За границей «Чмотанов» по-русски появился сначала в «Русской Мысли» (Париж) 26 ноября 1970 г. И тогда же вышел отдельной книжкой (обложка воспроизводится в настоящем издании). «Флегон-Пресс» (Лондон), имевший сомнительную репутацию («Да я просто коммерсант!» — оправдываясь, говорил его владелец одному эмигранту, тоже коммерсанту), напечатал повесть в том же году, однако без «Послесловия Кочетова». Впрочем, и «Посев» (Франкфурт) в своем микроиздании его опустил.
По-французски повесть впервые вышла маленькой книжечкой два года спустя в приложении к «Кензен литерер». Этот литературный двухнедельник издавал Морис Надо, историк сюрреализма. Осенью 1975 г. он рассказывал мне в Париже, как благополучно вывез микрофильм повести в кармане, получив его от кого-то в Москве в лифте гостиницы. Обстоятельства сложились так, что этот прижимистый деловой человек издал и мою повесть «Никто», когда он руководил серией новинок в «Деноэле». (Она появилась в «Гранях» № 82, 1971, литературном журнале НТС, тоже не слишком щедрого в отношении живых эмигрантских авторов. Но это отдельная — и малоизученная тема: как и сколько зарабатывает книжная индустрия на желании писать, печататься и читать, иногда с риском для жизни и свободы).

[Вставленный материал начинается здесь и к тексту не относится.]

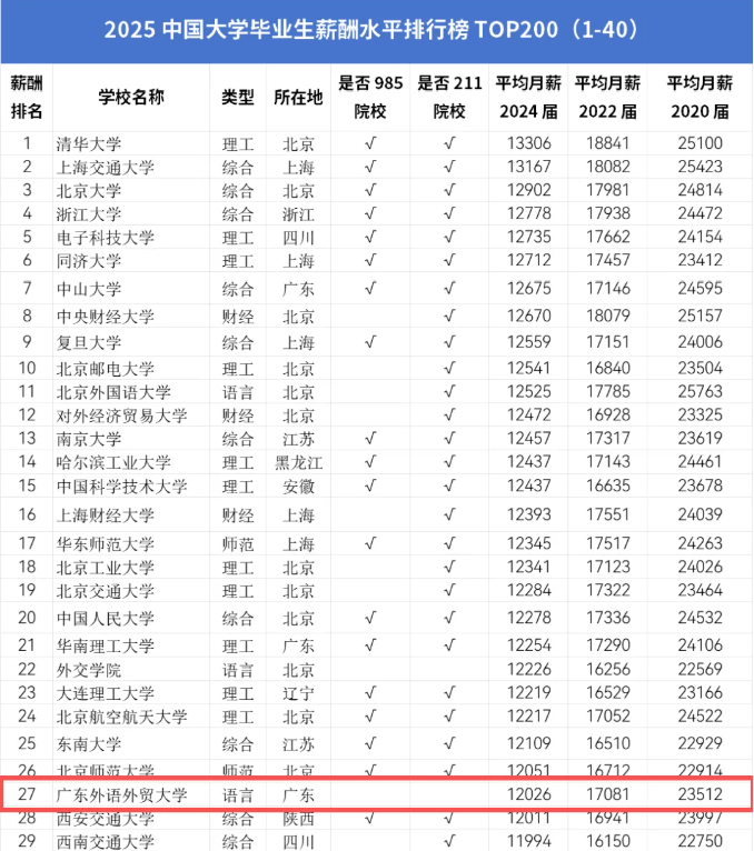 在中国薪酬网发布的《2025年全国高校毕业生薪酬排行榜TOP200》中,广外的24届毕业生排名第27名,24届月平均薪资达12026元,领跑同类院校。薪资的数字背后,是“语言+专业”的复合实力在说话,也正是这份实力,让他们求职时能挑到既对口又高薪的岗位。

Впрочем, ни один человек не может собрать всех положительных или отрицательных свойств. Этот открыт новому, но гангстер с авторами, другой ленив, но отзывчив. Третий чувствителен, однако боязлив. (Уж не о себе ли говорю?..) Году в 76-м я попросил одного американского слависта, ехавшего в Москву на стаж, отвезти экземпляр знакомому диссиденту. Американец прочитал, ужаснулся и отказался, сказав общему знакомому: «Просить везти такую книгу в С юз может только сумасшедший или провокатор». Почему такой скудный выбор? Он, правда, не знал, что его просит автор.
Моей писательской дерзости способствовала книжка Андрея Амальрика «Просуществует ли Советский Союз до 1984 года?» В 1970 году такой вопрос казался самоубийственно смелым. Дата, как известно, послужила названием роману Орвелла. Мы прочитали его с жадностью (как и Замятина, и Хаксли). Любопытно, что Орвеллом интересовались и аппаратчики. Еще в 60-х в Москве вышла его подробная переводная биография с пометкой «для служебного пользования». Позднее, уже исключенный из университета, я имел удовольствие размножать эту книгу благодаря незабвенному Симону Бернштейну, литератору и диссиденту (и исполнителю эпизодической роли в «Солярисе» Тарковского), исключенному из членов кпсс за членство в Инициативной Группе по защите Прав Человека.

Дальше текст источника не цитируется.